(Records from a data source)
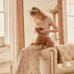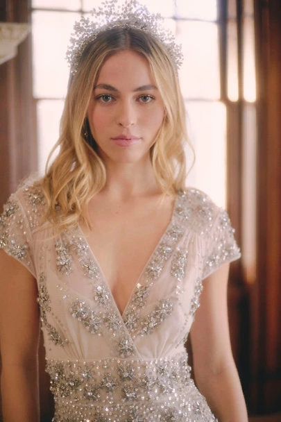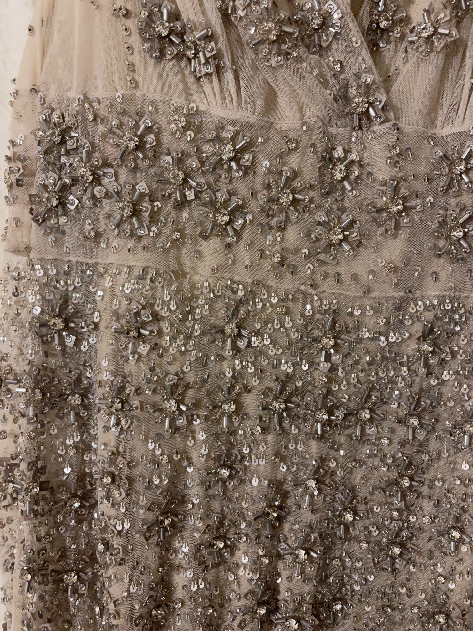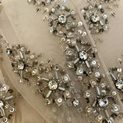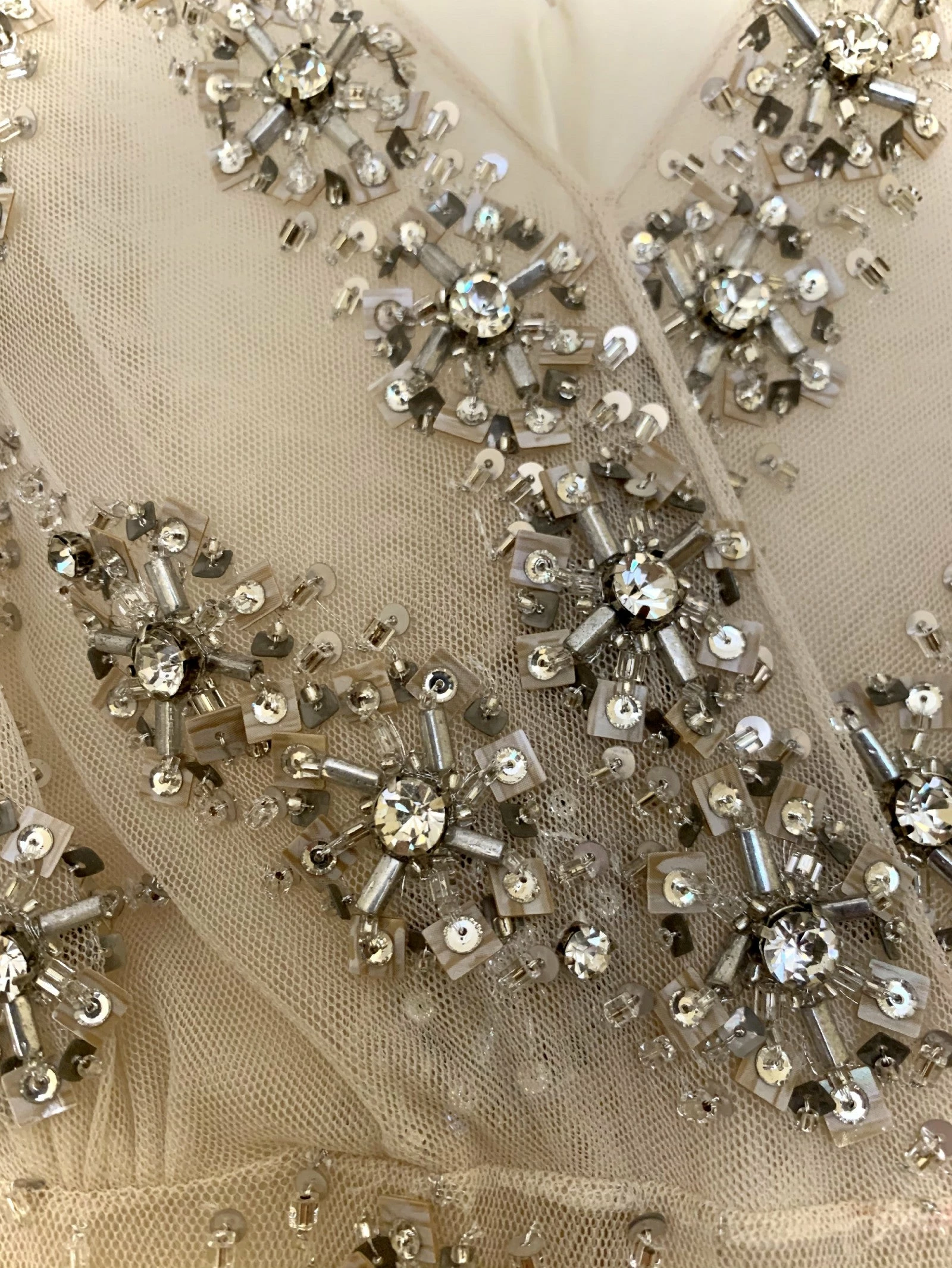 Size 12. Has been tried on in store, but never worn outside the salon and never altered. Some loose threads and few missing beads. Overall in excellent condition. Current style. Retail price: $2,200!
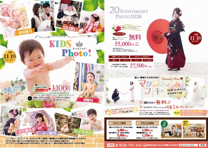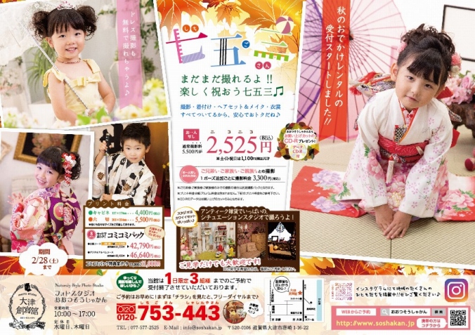 七五三/お宮参り/入園・入学/成人式の記念写真はフォトスタジオ大津創寫舘(おおつそうしゃかん)へ!!
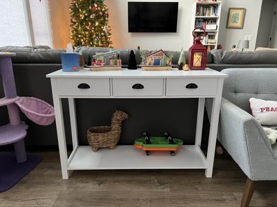 - Simple but Modern Style: Comes with smooth surface and simple lines, our sofa table with three drawers has a good look. The whole table frame is covered with white paint so it is suitable for matching your style decoration style in your home. The table has a unique groove design which adds a touch of fashion to this sofa side table.
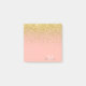 Metallic Gold Glitter Rain + Rose Quartz Monogram Post-it Notes
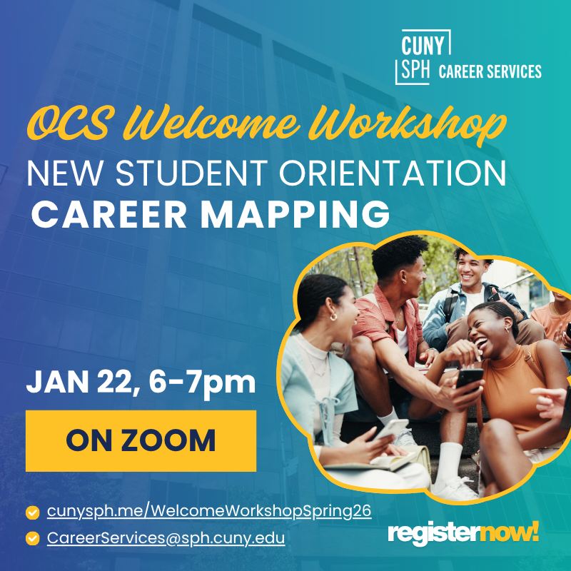 New to CUNY SPH? Join the Office of Career Services (OCS) for this virtual workshop designed to help you start your CUNY SPH journey strong and set yourself up for success from day one.
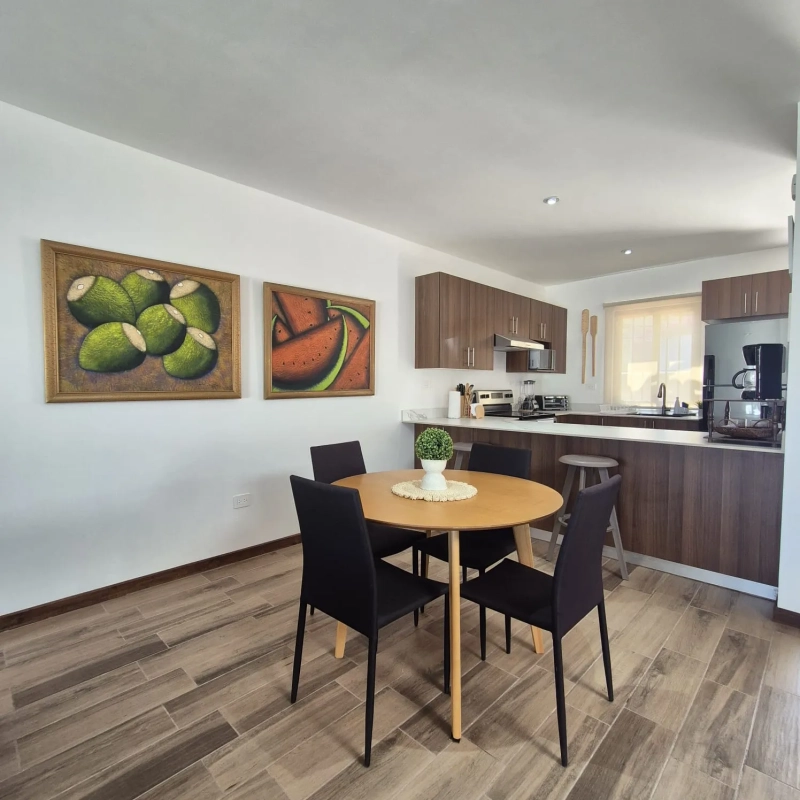 La villa se alquila completamente amueblada y equipada, lista para mudarte sin preocupaciones. Al ingresar, te recibe una acogedora cocina con desayunador integrada al comedor, ideal para compartir momentos especiales. La sala, con chimenea, crea un ambiente cálido y confortable, con salida directa a un agradable espacio exterior que puede adaptarse como sala o comedor al aire libre, acompañado de un pequeño jardín y área de churrasquera, perfecto para reuniones y fines de semana.
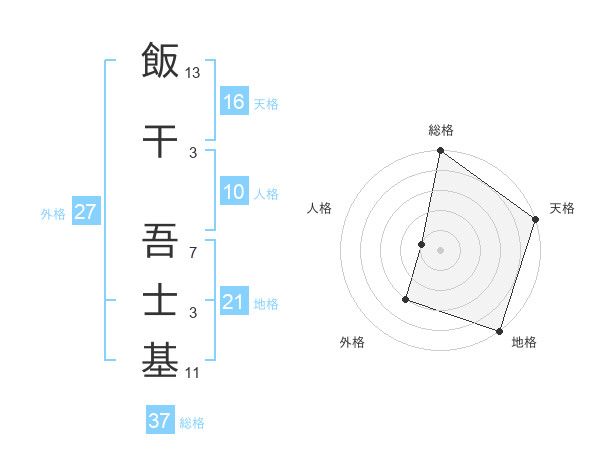 飯干 吾士基さんを姓名の画数から五運を鑑定
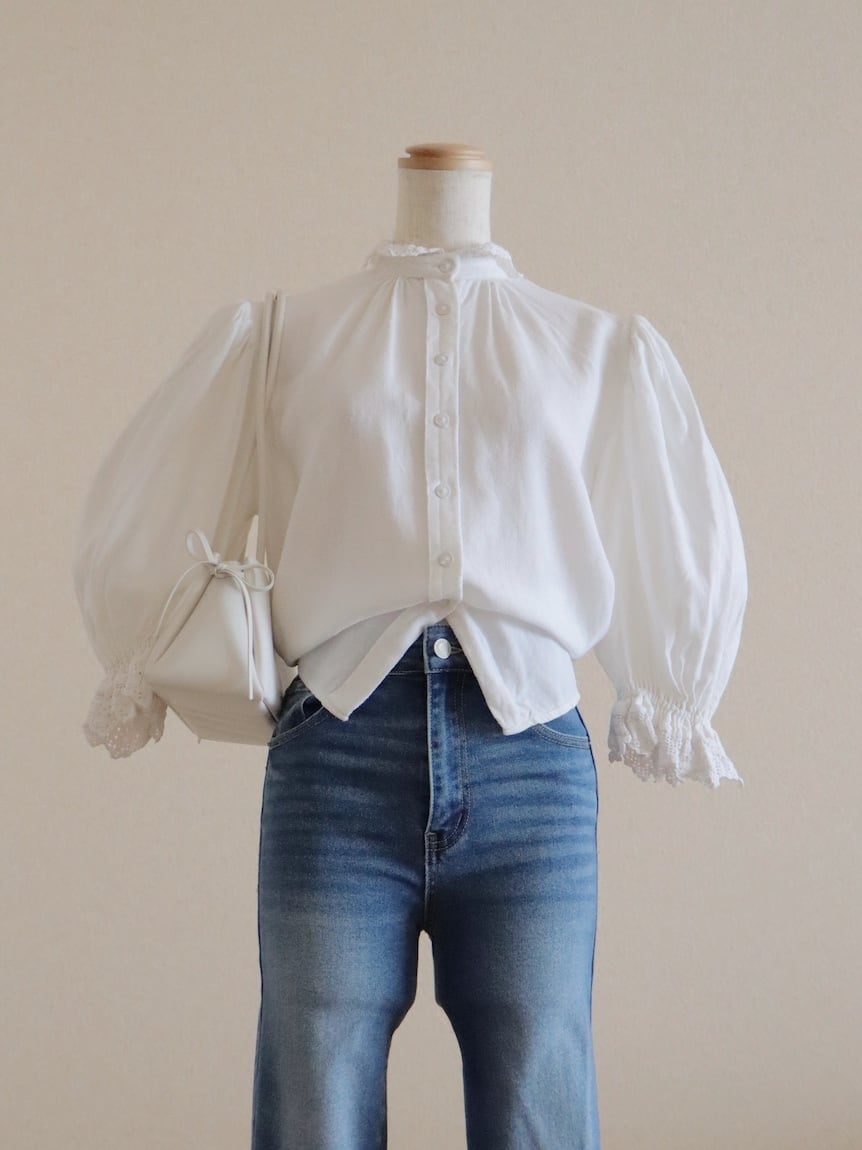 ふんわりとしたパフスリーブに、フロントの刺繍ボタン、繊細なレースが襟と袖口に施された、雰囲気溢れる1着です。
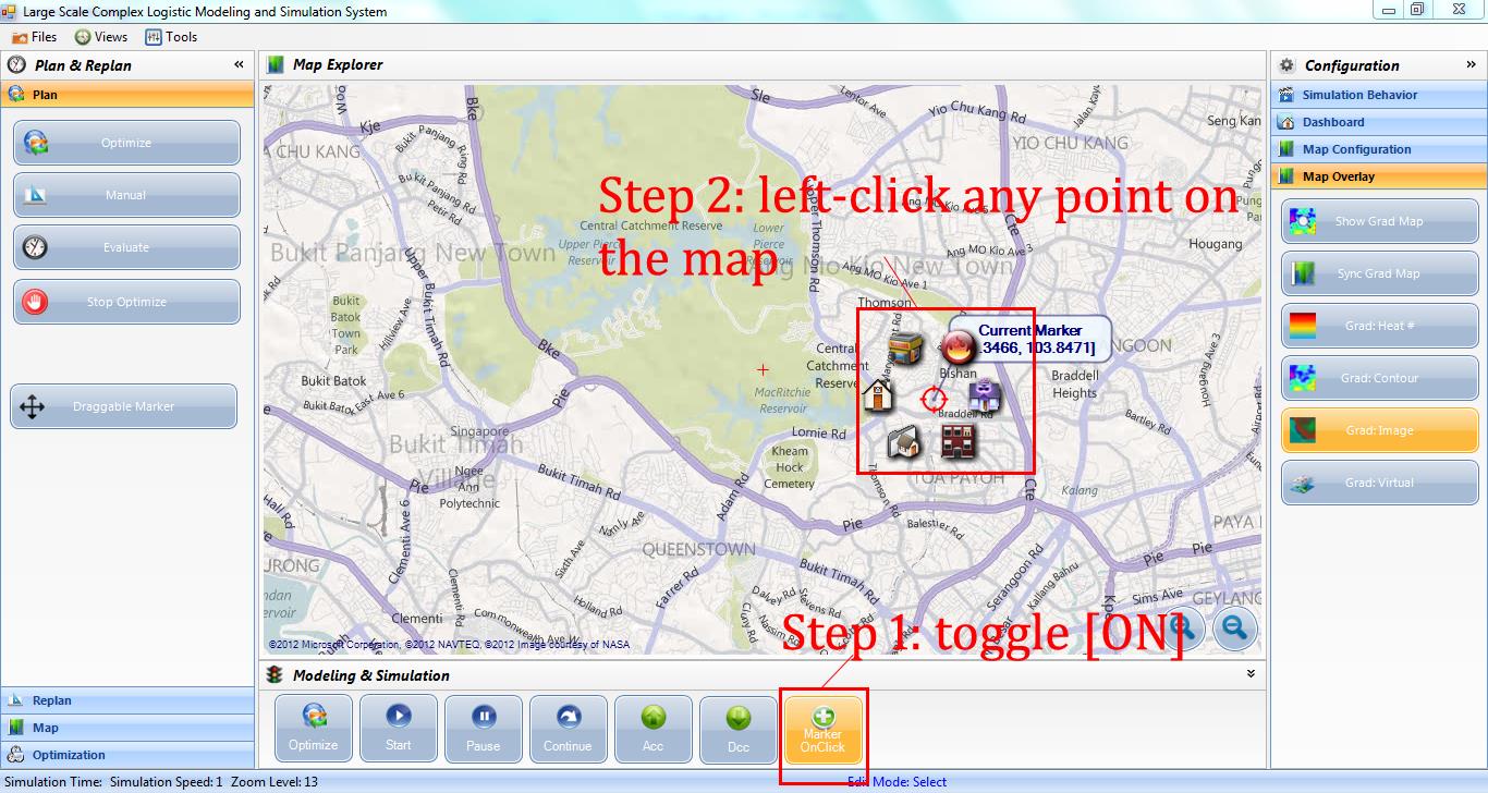 This section shows how to create marker on the LesCaS map. To enable marker creation on the map, toggle Marker OnClick button ON, and then left click on the map. A circular menu will appear as shown in Figure below. To cancel marker creation, click anywhere on the map again. This will close the circular menu.

◆ Problem description: Copy exactly, and copy nothing else: the lines from the start of the data above through the line that holds "七五三/お宮参り/入園・入学". The pictures stay out.

◆ Solution for this task:
 Size 12. Has been tried on in store, but never worn outside the salon and never altered. Some loose threads and few missing beads. Overall in excellent condition. Current style. Retail price: $2,200!
 七五三/お宮参り/入園・入学/成人式の記念写真はフォトスタジオ大津創寫舘(おおつそうしゃかん)へ!!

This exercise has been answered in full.